=== WHAT IS NEEDED ===
Begin your copy at the line that holds "l 具有200-5000W峰值脈沖功率(10/1000μs波形)" and carry it through the final line of the data, writing out each line exactly and omitting pictures.

=== DATA SHOWN ===
------------------------------------------------

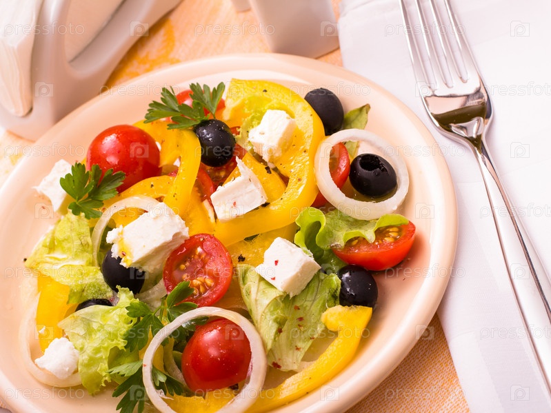 Греческий салат и вилка
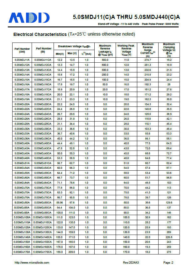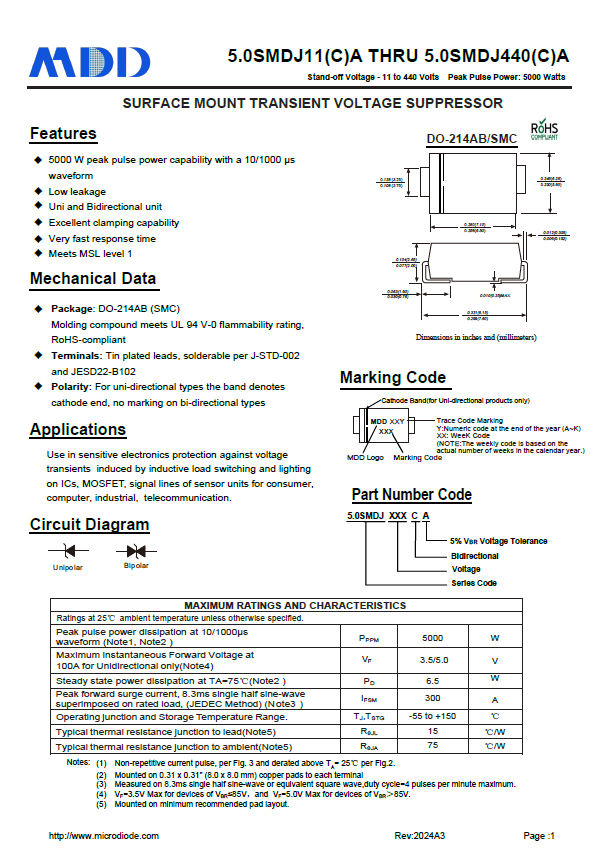 l 具有200-5000W峰值脈沖功率(10/1000μs波形)
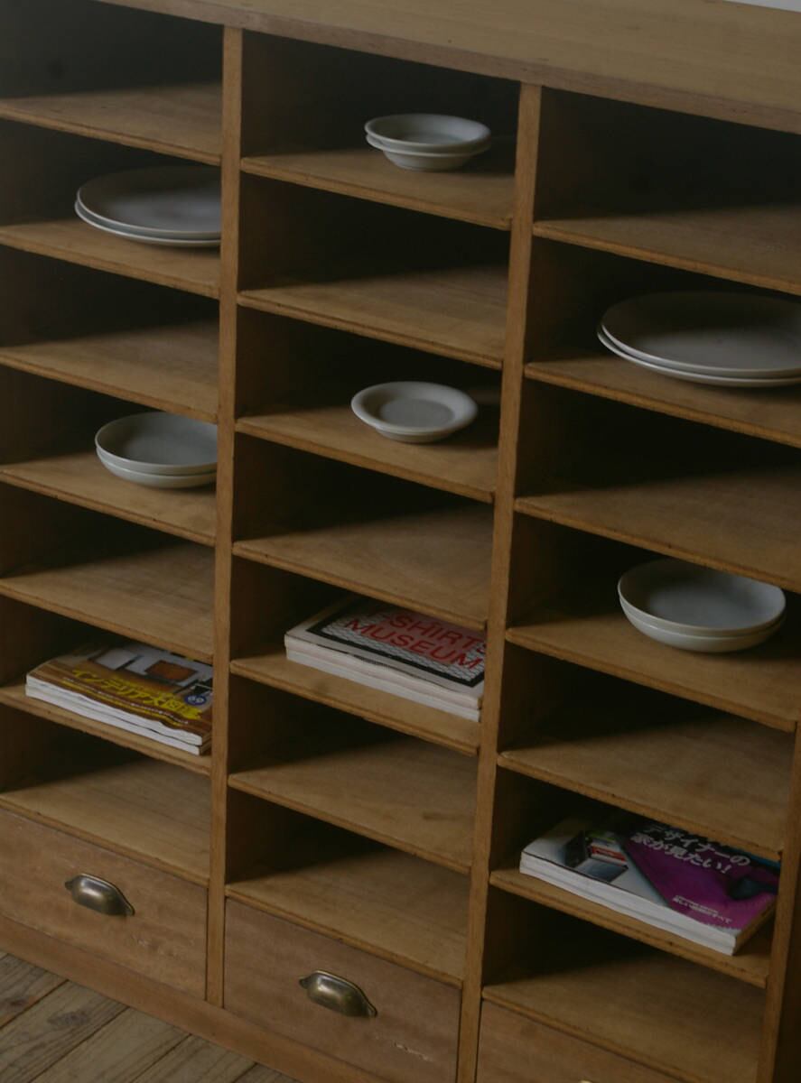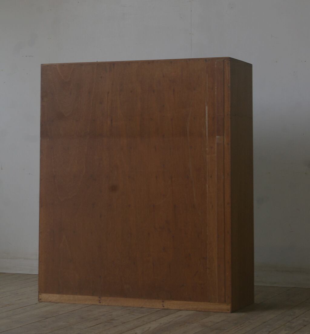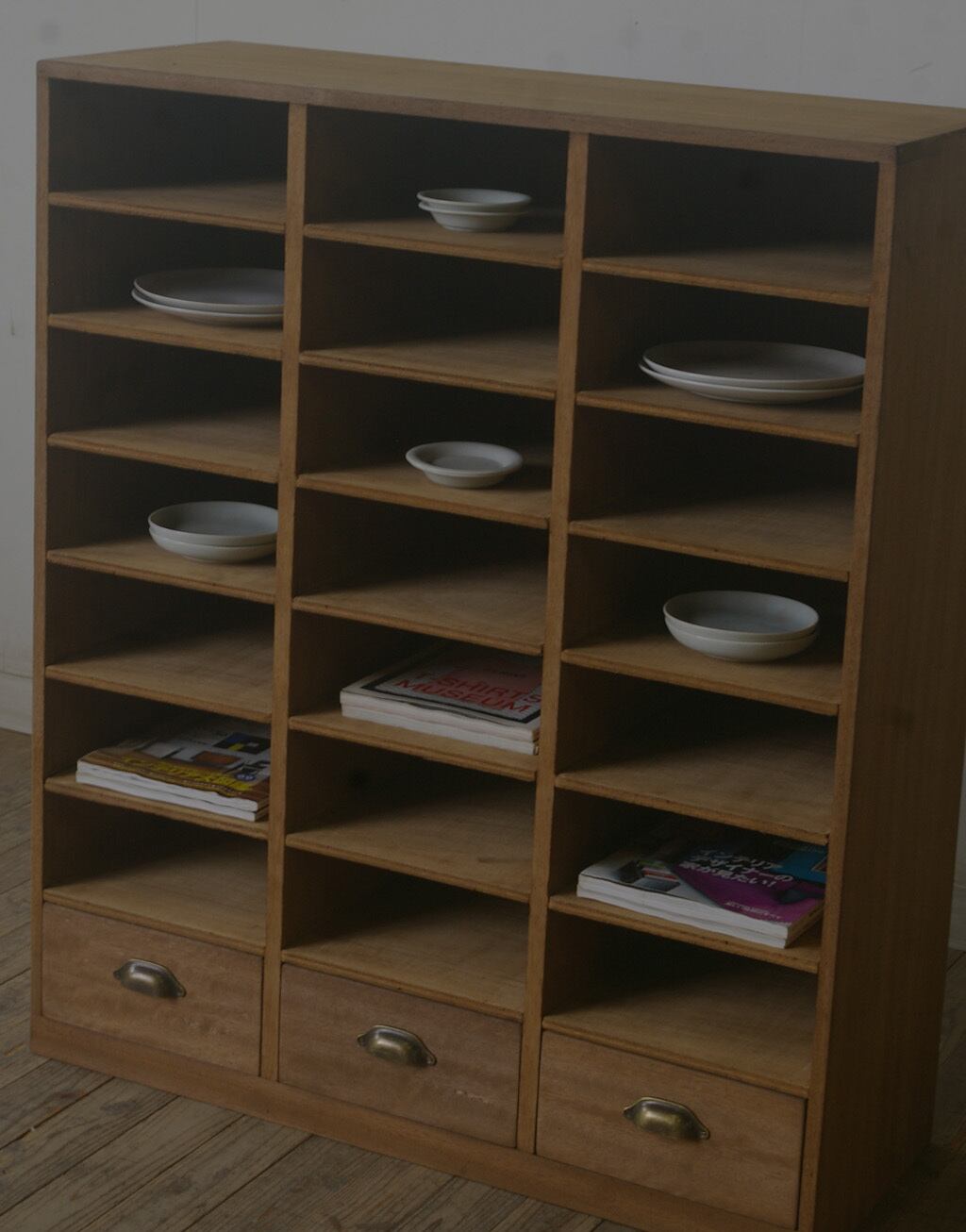シンプルなデザインで収納力もあり、とても存在感のあるアンティーク引き出し3杯升目棚です。

------------------------------------------------

=== OUTPUT FOR THIS TASK ===
 l 具有200-5000W峰值脈沖功率(10/1000μs波形)
シンプルなデザインで収納力もあり、とても存在感のあるアンティーク引き出し3杯升目棚です。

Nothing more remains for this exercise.